Not quite. I strongly recommend using Russ Rowlett's Dictionary of Units of Measure if you have any questions about any measurement units. Go and look up the terms: candlepower, candela, lux, lumen, foot-candle, steradian

The lux is a unit of illumination or illuminance, the amound of light falling upon (or radiating from) a _surface_. It is measured in _lumen_ per _square meter_. If you shine a light at a surface, and place a lux meter on that surface, you will get a reading that tells you how much light falls on each unit of area of that surface. If you move the light further away, the reading will go down. But it will still be an accurate reading of the light falling on a unit area of that surface. Lux tells you about what is hitting the surface, _not_ what is coming out of the light.

If you take your light, and hold it 1 meter from your surface, and _then_ take your lux reading, then you are being told something about the light. This is because at 1 meter, a light source with an _intensity_ of 1 Candela will produce an illumination of 1 Lux. So if you have a lux meter, and you place your light at 1 meter distance, then the measurement in Lux will be numerically equal to the Candela output of that light source in the direction of the meter.

The foot-candle is a different unit of illumination. It measures the same sort of thing as the Lux, but in a different system of units. If you have a foot-candle meter, you can convert the measurement in foot-candles to Lux by multiplying by 10.76 {which happens to be (39.37/12)^2, because of the inverse square law}

If you have a foot-candle meter, and you place it 1 foot from a source, then the measurement in foot-candles will be numerically equal to the candlepower of the source. 
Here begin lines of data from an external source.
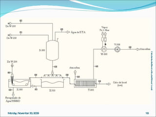 O documento descreve o processo de produção de fibras viscose usando o processo Liocel. O processo envolve dissolver a celulose em NMMO aquecido, formando uma suspensão que é convertida em fibras após evaporar o solvente. Diagramas ilustram as etapas do processo, incluindo balanço de massa e fluxograma. Considerações finais discutem a viabilidade técnica e econômica do processo.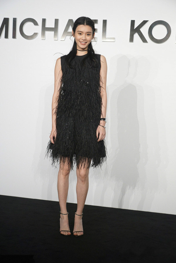高个子的奚梦瑶则选择了黑色的羽毛单品来增添妩媚的成熟女人气息。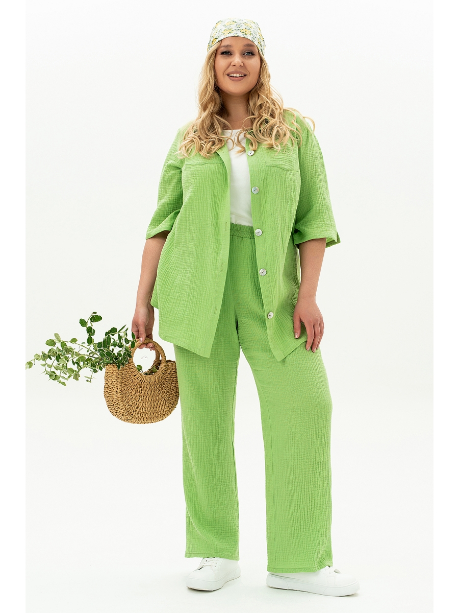 Ищете идеальный костюм, который сочетает в себе комфорт и стиль? Обратите внимание на наш женский брючный костюм из муслиновой ткани! Этот комплект станет Вашим незаменимым спутником как для домашнего отдыха, так и для прогулок на свежем воздухе. Изготовленный из 100% хлопка, он обеспечивает отличную воздухопроницаемость и легкость, что особенно актуально в жаркие летние дни. Муслин — это дышащий материал, который быстро сохнет, что делает его идеальным выбором для активных женщин. Вы сможете не беспокоиться о стирке, ведь этот комплект легко стирать и он не требует особого ухода. Костюм представлен в универсальном дизайне, который подойдет для любого повода. Стильный, яркий цвет добавит яркости в Ваш гардероб. Брюки на резинке с карманами-хулиганами в боковых швах. Силуэт брюк прямой. Рубашка дополнена накладными карманами по переду и кокетками на спинке и полочке. Перед и спинка рубашки - разноуровневые. Рукав с увеличенной линией плеча, длиной до локтя и с небольшими разрезами. На полочке пришиты пуговицы из натуральной ракушки.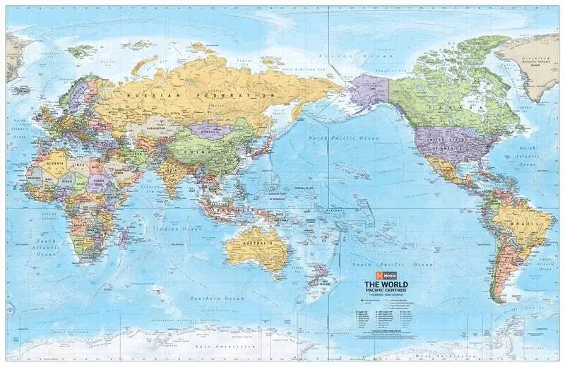 World Political Pacific Centred Map - 1000x650 - Laminated - perfect as an educational tool, a reference point or for display purposes.

For historical reasons, 1 candlepower is pretty darn close to 1 Candela.

Finally, regarding questions about 'how tight the beam is', this is the reason for using two different measurements. You use Candela (or candlepower) to say how intense the light source is, meaning how much light gets beamed in a particular direction. You then use Lumen to say what the _total_ light output is in all directions. A low lumen source can have a very high Candela rating if it is _very_ tightly beamed. A high lumen source can have a low Candela rating if it is a broad flood light.

-Jon


----------



## shiftd (May 17, 2003)

*Re: Test method used here for lux output of LED\'s*

Oh yeah, sorry for the mistake. Man, it is very late here and i haven't sleep all night long. 
lux measures the same as ft candle. Candela is a different measure.
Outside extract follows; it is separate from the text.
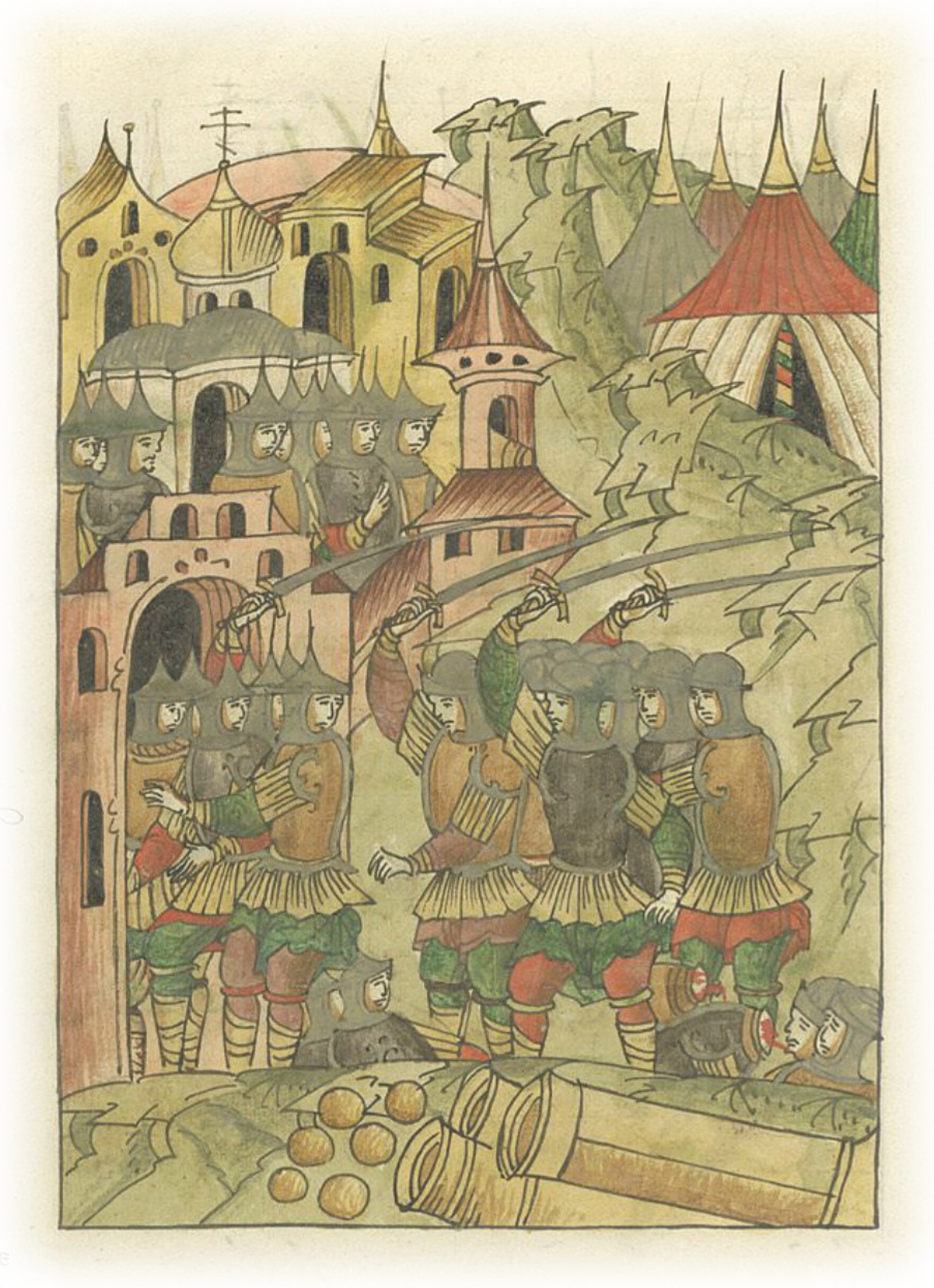 Языки говорят воеводам царя Ивана Васильевича, что магистр окопался большим рвом вокруг города Рындола, бьет из пушек и пищалей и приступает к Рындолу.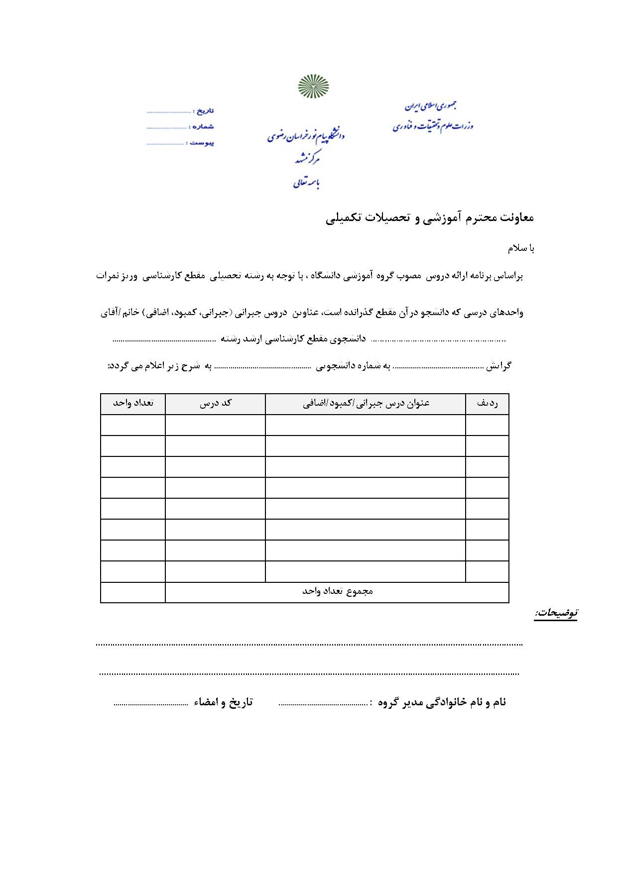 15- فرم ارزشيابي (کاربرگ شماره 3) و صورتجلسه دفاع

thanks for clearing that up


----------



## FalconFX (May 17, 2003)

*Re: Test method used here for lux output of LED\'s*

Lux numbers are pretty well accepted as a general indication of intensity of a beam. For measurement, I have a table (glass table at that) that's exactly one meter off the floor. I just placed my Meterman on the floor, and place the light right at the edge of the table, and get the lux readings. Of course, any light pollution you have is generally a no-no, so usually, I'd do this in the dead of night... 

Otherwise, I could take a meter ruler and take measurements in my restroom, which has no windows, and can then do it anytime...


----------



## pedalinbob (May 17, 2003)

*Re: Test method used here for lux output of LED\'s*

i have seen some people here giving what appeared to be inflated lux numbers...and i later found out they had the light 1" or 3" from the meter!
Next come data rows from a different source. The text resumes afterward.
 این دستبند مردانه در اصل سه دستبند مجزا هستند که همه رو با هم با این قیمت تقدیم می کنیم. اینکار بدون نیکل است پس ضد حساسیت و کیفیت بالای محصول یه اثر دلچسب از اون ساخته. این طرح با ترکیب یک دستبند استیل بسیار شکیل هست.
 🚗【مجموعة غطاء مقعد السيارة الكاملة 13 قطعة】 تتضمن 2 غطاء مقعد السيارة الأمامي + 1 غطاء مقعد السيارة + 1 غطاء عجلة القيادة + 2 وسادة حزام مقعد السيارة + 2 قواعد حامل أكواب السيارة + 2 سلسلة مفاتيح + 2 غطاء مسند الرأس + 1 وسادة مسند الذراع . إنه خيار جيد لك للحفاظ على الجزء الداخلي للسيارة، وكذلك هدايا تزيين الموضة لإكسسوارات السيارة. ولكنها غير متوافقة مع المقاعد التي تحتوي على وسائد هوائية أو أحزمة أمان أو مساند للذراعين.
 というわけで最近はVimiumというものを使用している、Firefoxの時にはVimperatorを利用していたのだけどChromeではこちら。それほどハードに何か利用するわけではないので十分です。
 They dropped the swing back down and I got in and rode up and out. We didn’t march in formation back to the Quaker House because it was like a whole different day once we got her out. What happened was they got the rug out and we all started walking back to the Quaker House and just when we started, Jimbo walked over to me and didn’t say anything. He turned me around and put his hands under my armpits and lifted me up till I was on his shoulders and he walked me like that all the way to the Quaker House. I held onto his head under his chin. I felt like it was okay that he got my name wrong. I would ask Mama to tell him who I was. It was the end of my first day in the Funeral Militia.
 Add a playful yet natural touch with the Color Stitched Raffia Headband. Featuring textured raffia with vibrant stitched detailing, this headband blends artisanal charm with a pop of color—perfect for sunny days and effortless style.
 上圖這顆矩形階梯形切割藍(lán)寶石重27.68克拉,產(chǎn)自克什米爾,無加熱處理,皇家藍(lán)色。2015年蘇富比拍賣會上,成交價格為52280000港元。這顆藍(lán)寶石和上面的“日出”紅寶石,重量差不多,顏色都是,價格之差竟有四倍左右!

the standard seems to be to take the reading in lux with the light source 1 meter away from the sensor.

Bob


----------



## FalconFX (May 17, 2003)

*Re: Test method used here for lux output of LED\'s*

_i have seen some people here giving what appeared to be inflated lux numbers...and i later found out they had the light 1" or 3" from the meter!_

Well, of course when you see an Opalec reading 2,000 lux, you know it's "fuzzy math"... 
/ubbthreads/images/graemlins/tongue.gif


----------



## Doug Owen (May 17, 2003)

*Re: Test method used here for lux output of LED\'s*

[ QUOTE ]
*FalconFX said:*
_i have seen some people here giving what appeared to be inflated lux numbers...and i later found out they had the light 1" or 3" from the meter!_


Well, of course when you see an Opalec reading 2,000 lux, you know it's "fuzzy math"...
/ubbthreads/images/graemlins/tongue.gif 

[/ QUOTE ]

I work with a world class cynic that has a saying, 'the statistics can be tortured to say anything you want'.

Wise man....

Doug Owen


----------



## The_LED_Museum (May 17, 2003)

*Re: Test method used here for lux output of LED\'s*

I tend to measure in mcd (millicandelas) with a Meterman LM631 or a Tektronix J16, and place the source 12" away from the sensor, and do it at night with all the lights off.
If there's any light pollution being shown on the meter (such as from a computer boob tube or from streetlights outside), I'll just subtract it from the LED or flashlight I'm measuring.

Crude, but effective and decently accurate.
The ProMetric setup I use depends on the light meter; it does not measure on its own.

A wide-angle source will always read lower than a focused source, even if the light-emitting chip or filament is the same.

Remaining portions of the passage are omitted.